What you will do ▸ Leave the pictures out and return every line below exactly.

Dataset excerpt ▸
#####

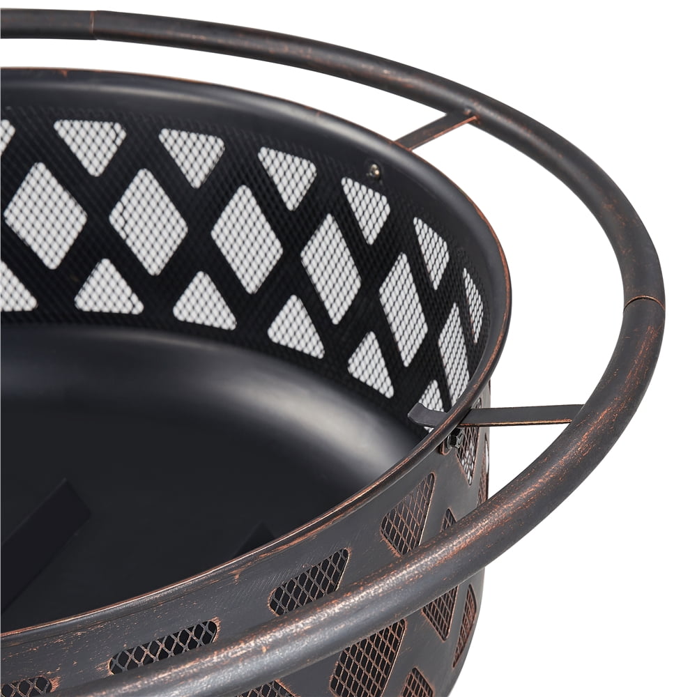 Renwick 36in Outdoor Iron Fire Pit with Mesh Screen Poker, Bronze
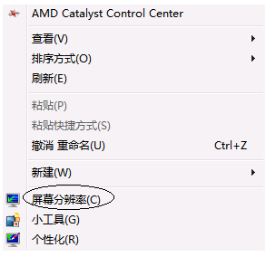 1、右键鼠标桌面-屏幕分辨率
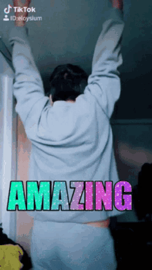 A man reacts with an exaggerated, surprised expression, with the word 'AMAZING' displayed on screen.
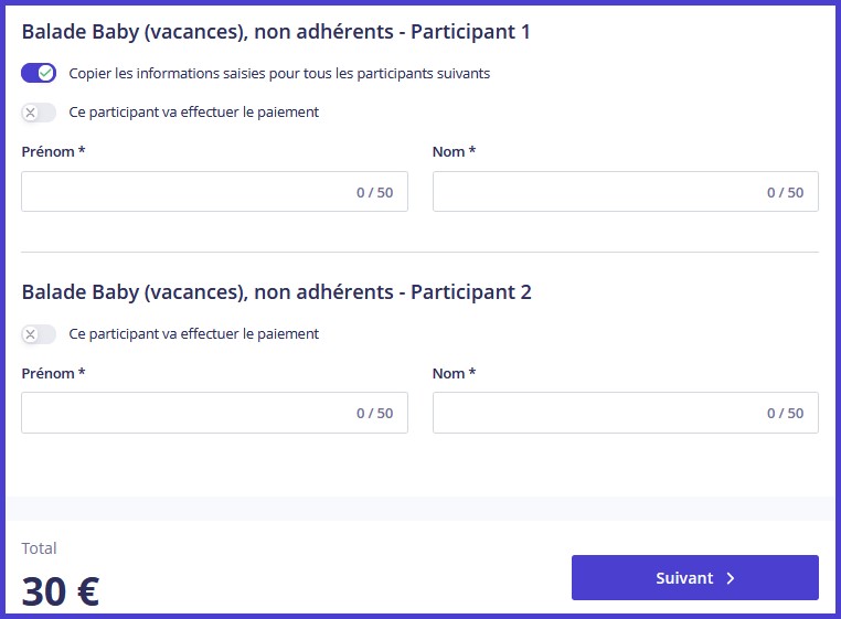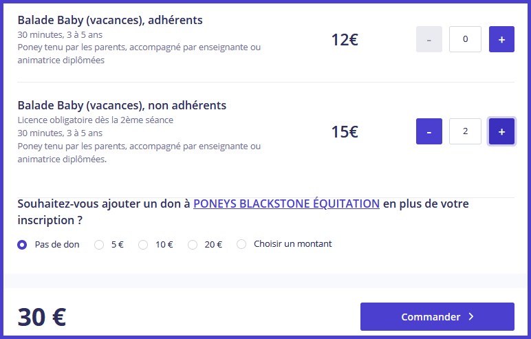 Exemple : achat de 2 balades baby

#####

Answer to this exercise ▸
 Renwick 36in Outdoor Iron Fire Pit with Mesh Screen Poker, Bronze
 1、右键鼠标桌面-屏幕分辨率
 A man reacts with an exaggerated, surprised expression, with the word 'AMAZING' displayed on screen.
 Exemple : achat de 2 balades baby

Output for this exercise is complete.